- **PROBLEM DESCRIPTION**
The reply should hold only the lines from the one with "Bugün N7874 tescilli" to the one with "Charming Mermaid Sweetheart", both ends kept, exactly as they appear below, without any pictures.

- **LISTED ENTRIES**
=== Section Start ===

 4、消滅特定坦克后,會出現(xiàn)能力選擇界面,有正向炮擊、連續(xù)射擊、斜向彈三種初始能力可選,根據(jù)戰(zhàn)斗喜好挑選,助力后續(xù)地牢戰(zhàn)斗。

=== Section End ===
=== Section Start ===

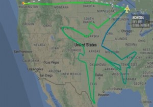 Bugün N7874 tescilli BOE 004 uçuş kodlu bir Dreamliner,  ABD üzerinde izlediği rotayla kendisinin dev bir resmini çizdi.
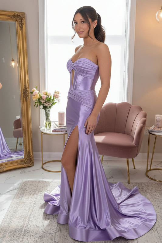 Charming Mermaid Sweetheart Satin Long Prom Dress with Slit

=== Section End ===

- **SOLUTION FOR THIS TASK**
 Bugün N7874 tescilli BOE 004 uçuş kodlu bir Dreamliner,  ABD üzerinde izlediği rotayla kendisinin dev bir resmini çizdi.
 Charming Mermaid Sweetheart Satin Long Prom Dress with Slit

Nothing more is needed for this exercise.